[Date Prev][Date Next][Thread Prev][Thread Next][Date Index][Thread Index]
Re: Unicode range and enumeration support.
From: |
Eli Schwartz |
Subject: |
Re: Unicode range and enumeration support. |
Date: |
Sun, 22 Dec 2019 01:38:13 -0500 |
User-agent: |
Mozilla/5.0 (X11; Linux x86_64; rv:68.0) Gecko/20100101 Thunderbird/68.3.0 |
On 12/20/19 7:35 PM, L A Walsh wrote:
> On 2019/12/18 11:46, Greg Wooledge wrote:
>> To put it another way: you can write code that determines whether
>> an input character $c matches a glob or regex like [Z-a]. (Maybe.)
>>
>> But, you CANNOT write code to generate all of the characters from Z to a
>>
> This generates characters from decimal 8300 - 8400 (because that range
> includes raised and lowered digits which have the number and value
> properties equivalent to 0-9.
>
> ----
>
> No? 8300, 8400 arbitrary code points that contain raised and lowered
> numbers
> that have the number property (as does 0..9):
>
> perl -we' use strict; use v5.16;
> my $c;
> for ($c=8300;$c<8400;++$c) {
> my $o=chr $c;
> printf "%s", $o if $o=~/\pN/; #match unicode property "is_num"
> };printf "\n"'
> ⁰⁴⁵⁶⁷⁸⁹₀₁₂₃₄₅₆₇₈₉
>
> Q.E.D.
>
>
> Is that sufficient proof?
It's sufficient proof that you're wrong, yes.
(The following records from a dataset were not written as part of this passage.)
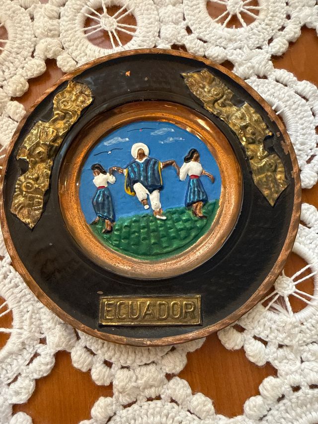 Detalles del productoPlato decorativo con escena de Ecuador. Presenta un diseño con figuras y paisaje.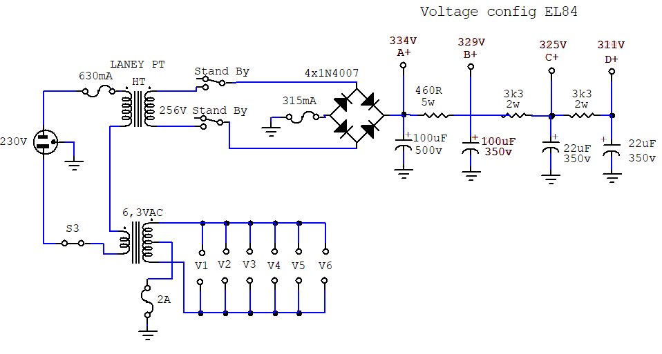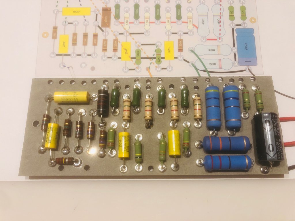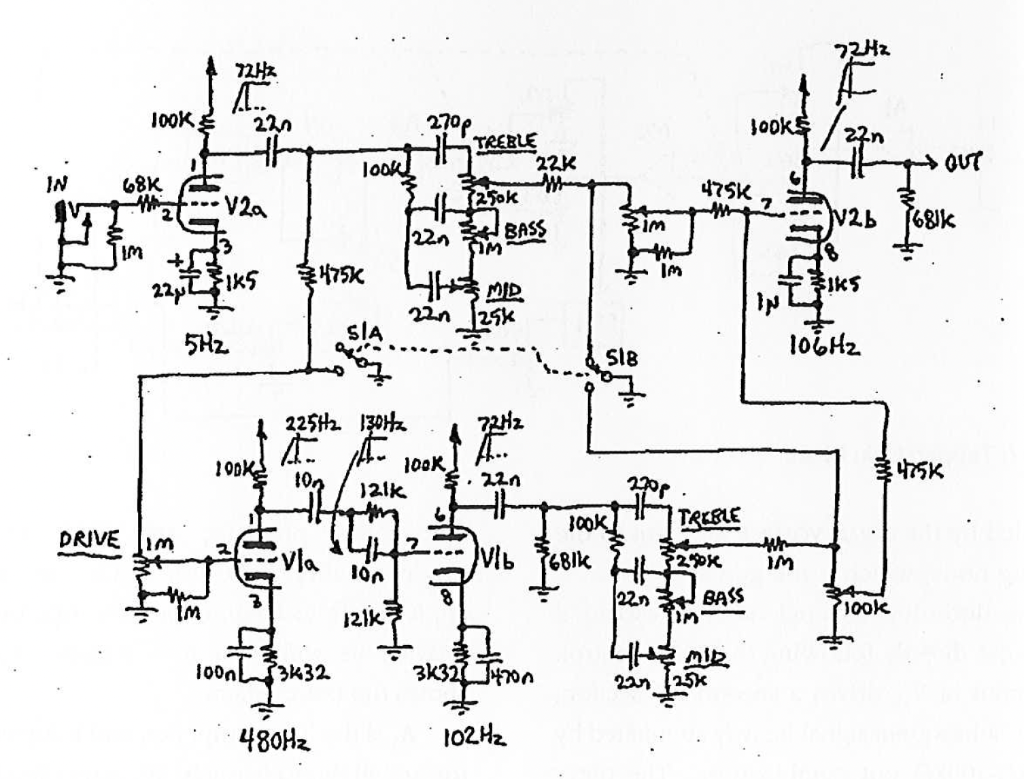 Aucune idée mais je suis parti du schéma des préamps du Laney VC30 où les deux préamps sont montés comme ça... mes connaissances théoriques ne vont pas jusque là et je te laisse en débattre avec Rimlock- quel est le problème d’avoir des canaux en oppositions de phase sachant qu’ils ne seront pas actifs en même temps?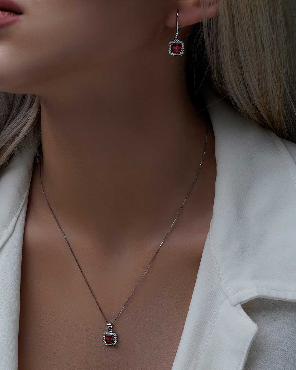 گردنبند به همراه جفت گوشواره دارای نگین قرمز رنگ

Given the discussion was about collation, not simply enumerating
codepoints in order of their codepoint values, it would be helpful to
actually, you know, collate them.
Given your sample text range:
$ printf %s\\n ⁰ ⁴ ⁵ ⁶ ⁷ ⁸ ⁹ ₀ ₁ ₂ ₃ ₄ ₅ ₆ ₇ ₈ ₉ | sort
⁰
₀
₁
₂
₃
⁴
₄
⁵
₅
⁶
₆
⁷
₇
⁸
₈
⁹
₉
This is plainly not in byte order.
Now you need to ask yourself the question: which locale do you want to
sort according to? I used en_US.UTF-8. Please don't say "C.UTF-8",
because that's not actually a thing. And the plain C locale won't work
for obvious reasons...
--
Eli Schwartz
Arch Linux Bug Wrangler and Trusted User
signature.asc
Description: OpenPGP digital signature
- Re: unquoted expansion not working (was Re: Not missing, but very hard to see), (continued)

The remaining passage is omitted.